Satu

14.9K 1.2K 55
                                    

"Papa!!!"

Pekikan gadis mungil tersebut terdengar begitu nyaring di tengah sepinya rumah besarku, tanpa ada kecanggungan sama sekali sosok pendiam yang sedari tadi hanya sibuk bersembunyi di ketiak Ibunya kini bahkan memeluk Mas Barra, tidak perlu aku jelaskan bagaimana kondisiku sekarang.

Rasanya lebih dari sekedar mati rasa, seluruh tubuhku bergetar karena amarah yang bergejolak, rasa kecewa yang aku rasakan saat sosok mungil tersebut memeluk suamiku yang kini tampil mengesankan dalam kemeja pilihanku membuatku menggila, tidak, sungguh aku tidak ingin percaya apa yang aku lihat.

Tidak mungkin suamiku berselingkuh dariku bahkan mempunyai anak seusia pernikahan kami, Mas Barra begitu mencintaiku, tidak pernah sekali pun dia menyakitiku, jadi mana mungkin dia bisa berlaku begitu menjijikkan, berkhianat selama pernikahan kami bahkan hingga memiliki anak lengkap dengan sahabatku sendiri? Terlalu menjijikkan jika sampai itu terjadi! Pengkhianatan yang begitu redahan, begitu menjijikkan!

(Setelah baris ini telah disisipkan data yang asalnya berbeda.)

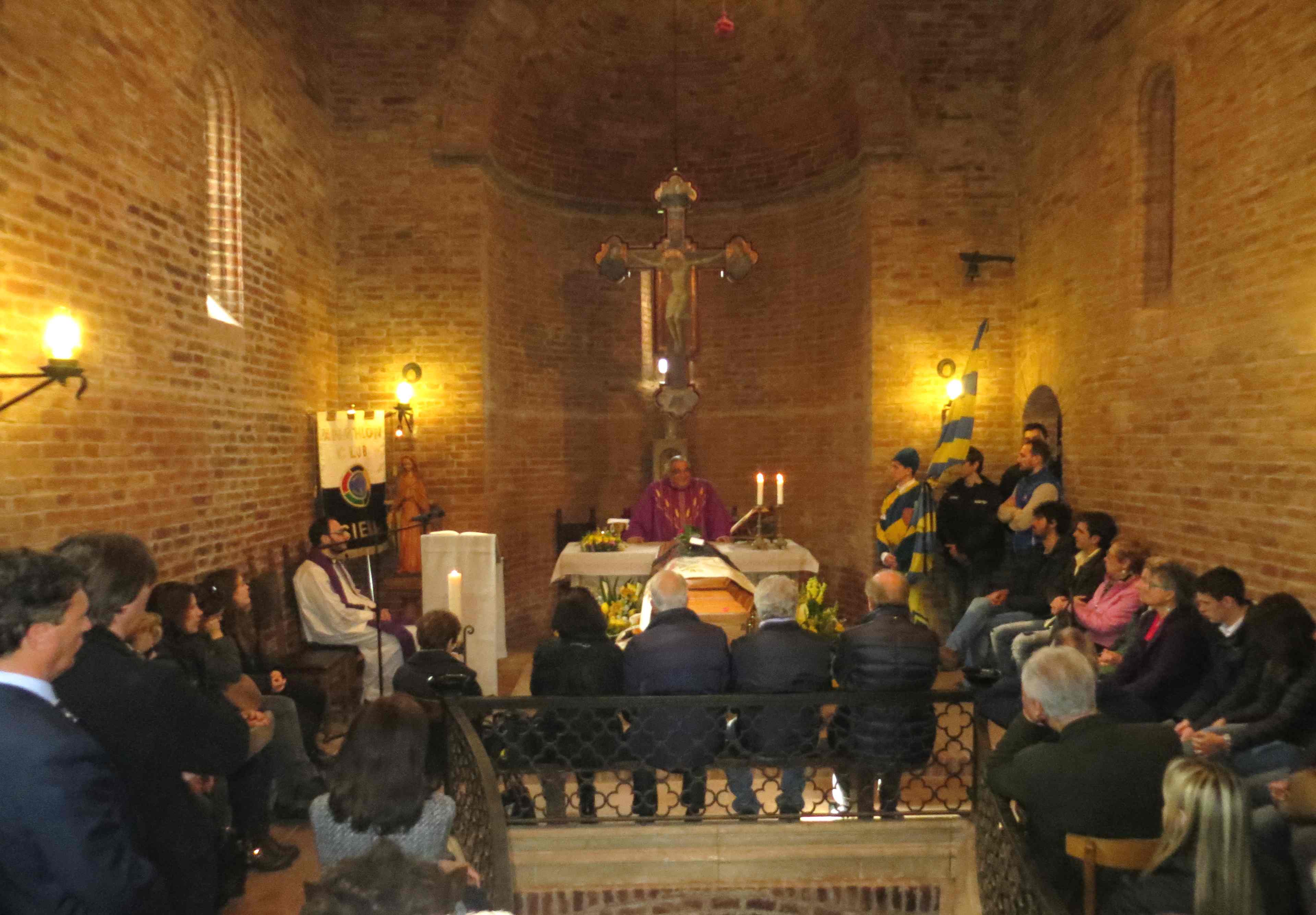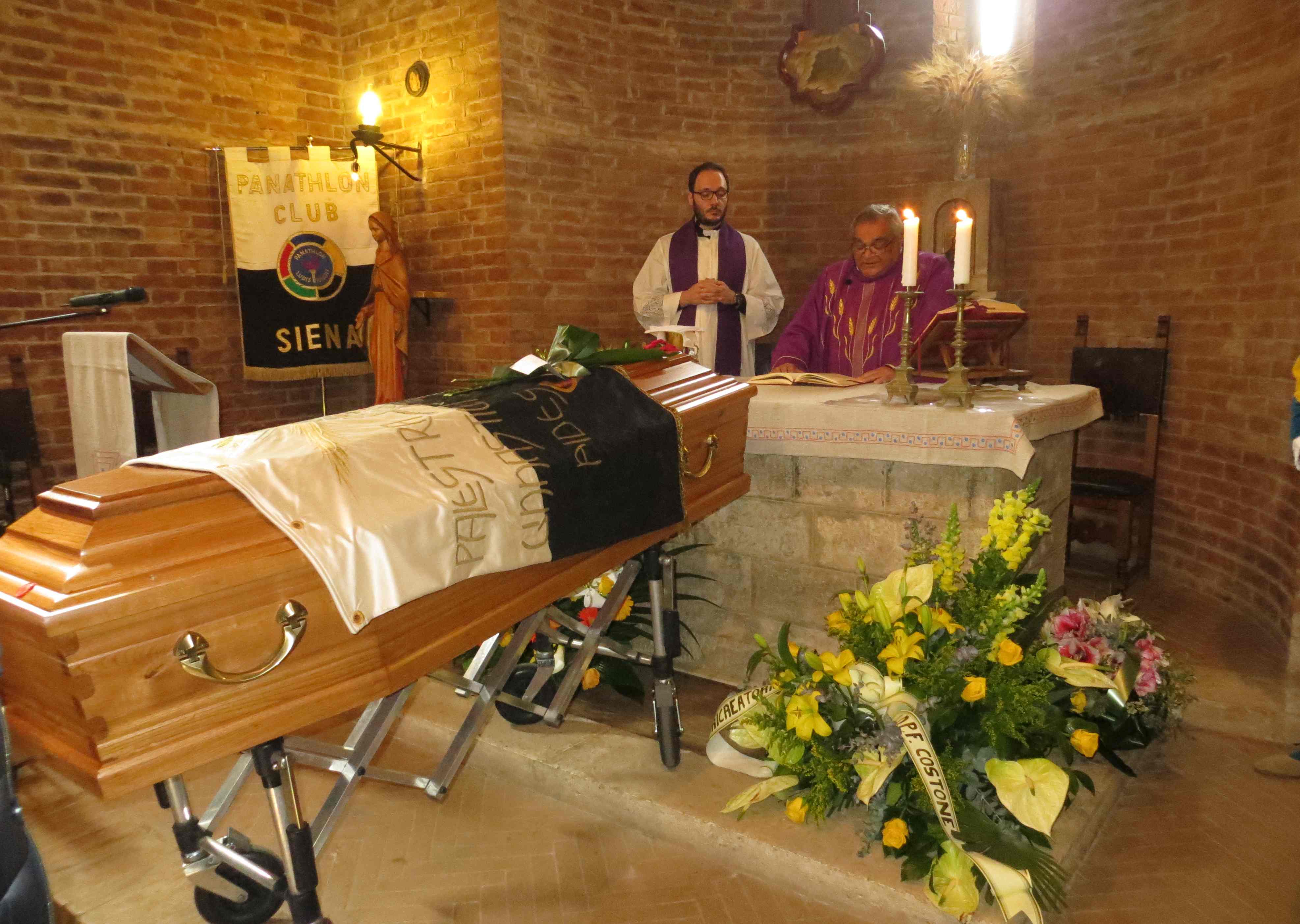 SIENA. Aldo Ricci ha salutato per l’ultima volta il suo Costone, quaggiù, nel luogo che lui sin da piccolo ha amato e frequentato assiduamente. Adesso, da lassù, veglierà su tutti noi con quel fare paterno che lo ha sempre contraddistinto. Le esequie funebri si sono svolte nella mattinata di sabato 2 aprile presso la chiesetta del Ricreatorio Pio II, celebrate da mons. Gaetano Rutilo e don Emanuele Salvatori, una celebrazione seguita in grande silenzio dai molti amici presenti che hanno voluto stringersi attorno alla famiglia di Aldo in unico grande abbraccio. Molto toccanti le parole di don Gaetano che nell’omelia ha ricordato Aldino come un infaticabile trascinatore nel suo lungo mandato da presidente del Costone Basket. Anche Roberto Bruttini al termine della cerimonia ha espresso sentimenti sinceri e commoventi a nome di tutti i Costoniani. Poi il feretro, avvolto nell’antica seta del labaro della Fides, è stato portato a spalla lungo il viale del Ricreatorio e su per la ripida Piaggia, dai giocatori del Costone, fino a Piazza San Giovanni, dopodiché il carro funebre si è mosso verso il Cimitero della Misericordia, dove Aldo Ricci riposerà vicino all’amato figlio Roberto, scomparso tristemente nel giugno del 2013.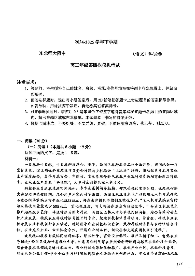 东北师大附中2025届高三年级第四次模拟考试 语文.pdf

Aku menggeleng keras, kepalaku berdenyut nyeri serasa ingin pecah melihat pemandangan di depan mataku sekarang ini, sore hariku yang indah seperti biasa usai berias dan menunggu suamiku pulang kembali dari Kejaksaan kini berubah menjadi hari paling gelap dalam hidupku.

Aku nyaris saja kehilangan keseimbangan, tidak sanggup berdiri usai mendengar hal tidak terduga yang di ungkapkan oleh Rembulan, namun seserpih harga diriku yang tersisa membuatku tetap berdiri tegak, andaikan semua ini benar nyata adanya bukan hanya bualan Rembulan semata, aku tidak ingin terlihat menyedihkan di mata dua orang paling aku percaya di dunia ini namun begitu tega hingga mampu mengkhianatiku.

"Arisa..."

Pias, wajahku kini sepenuhnya pucat saat Mas Barra menyebut nama gadis mungil tersebut, mustahil Mas Barra tahu nama gadis kecil ini tanpa mengenalnya, pemikiran jika benar Arisa ini anak dari Mas Barra membuatku ingin menangis keras-keras.

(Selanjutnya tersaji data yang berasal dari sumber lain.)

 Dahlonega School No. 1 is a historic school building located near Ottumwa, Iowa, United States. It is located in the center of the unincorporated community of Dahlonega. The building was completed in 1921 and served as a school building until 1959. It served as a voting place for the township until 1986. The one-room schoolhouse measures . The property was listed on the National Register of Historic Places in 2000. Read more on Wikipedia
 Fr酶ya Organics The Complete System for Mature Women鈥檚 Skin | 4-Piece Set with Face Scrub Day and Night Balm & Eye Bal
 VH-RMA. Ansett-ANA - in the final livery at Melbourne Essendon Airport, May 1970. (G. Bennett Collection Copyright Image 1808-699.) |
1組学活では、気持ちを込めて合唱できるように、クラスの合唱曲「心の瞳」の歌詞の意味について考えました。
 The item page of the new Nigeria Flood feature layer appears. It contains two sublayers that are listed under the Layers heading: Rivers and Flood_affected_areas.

Sungguh air mataku benar-benar hendak turun saat akhirnya mataku bertemu pandang dengan suamiku, wajahnya yang sama pucatnya denganku bergantian menatapku dan Rembulan. Keterkejutan terlihat jelas di matanya sama sekali tidak dia sembunyikan. Ada kepanikan yang tampak layaknya seorang yang baru saja ketahuan melakukan sesuatu yang salah.

Aku menatapnya lekat, berharap pria ini akan menjelaskan apa yang sedang terjadi di depan mataku sekarang, aku ingin Mas Barra menjelaskan betapa gilanya Rembulan yang sudah dengan lancang membawa anaknya ke dalam rumah ini dan mengaku-ngaku sebagai anaknya dengan Mas Barra.

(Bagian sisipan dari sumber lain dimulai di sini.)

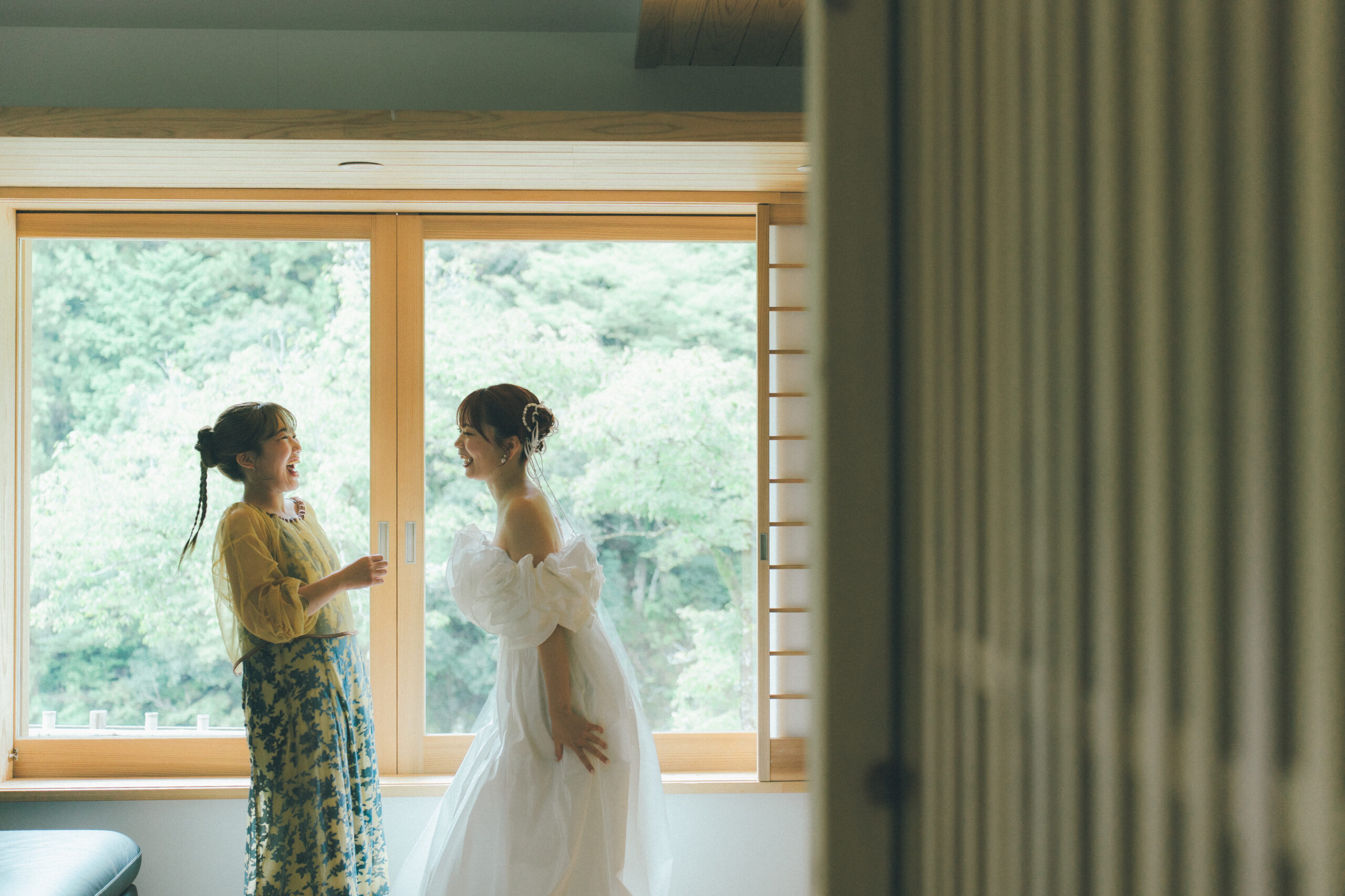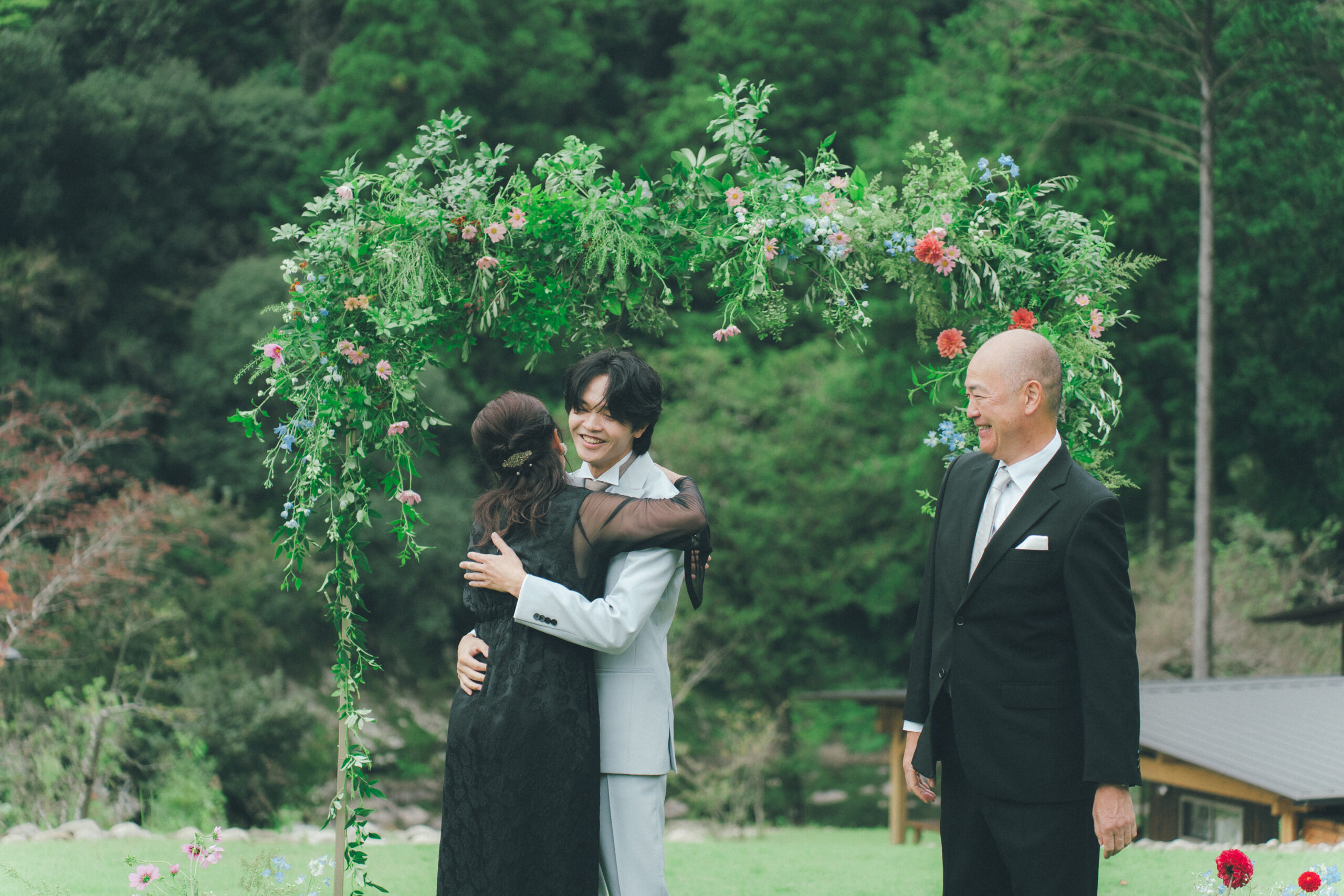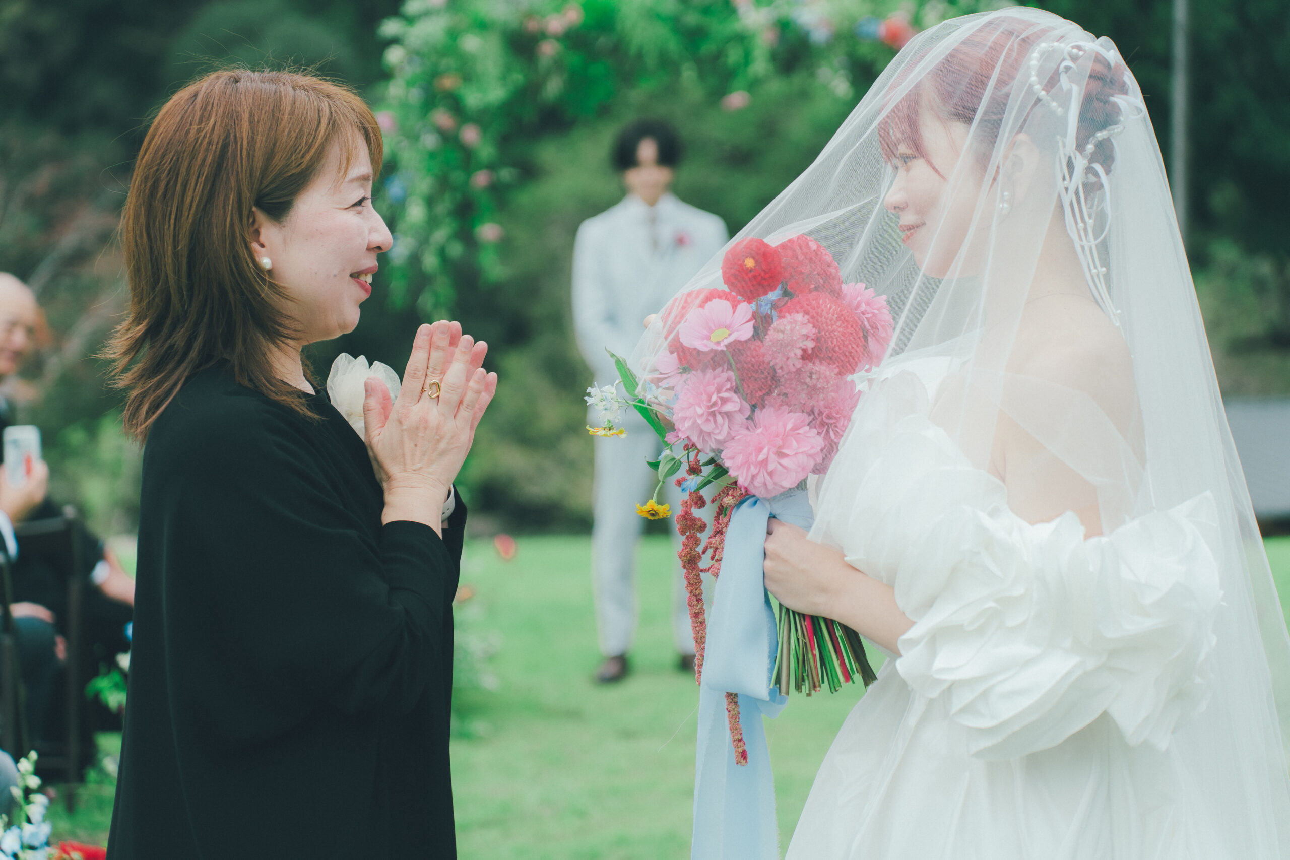 結婚式場でない場所で叶える結婚式は、整った式場を選択するよりも考える事があり大変でした。でも決まった流れにのって過ごすものではなく、自分にとって意味のある時間だけを選択することができる良さがありました。私の場合ははじめに考えていた想いはもちろん、自分の花嫁姿を大切な仲間にお願いすることができたり、自分の手で妹のヘアセットをしてあげる願いも叶えてくださったり、美容師ならではの引出物もこだわれたり。

Aku menunggu penyangkalan Mas Barra, aku menunggunya mendorong gadis mungil tersebut untuk menjauh darinya dan juga aku menunggunya untuk mengusir Rembulan yang sudah lancang datang ke rumah ini, aku hanya butuh Mas Barra mengatakan tidak atas semua yang terjadi maka aku akan mempercayainya.

Di bandingkan semua orang di dunia ini, aku lebih mempercayainya di bandingkan siapapun, tapi di tengah suasana canggung yang sama sekali tidak aku sukai, penyangkalan itu tidak kunjung aku dapatkan.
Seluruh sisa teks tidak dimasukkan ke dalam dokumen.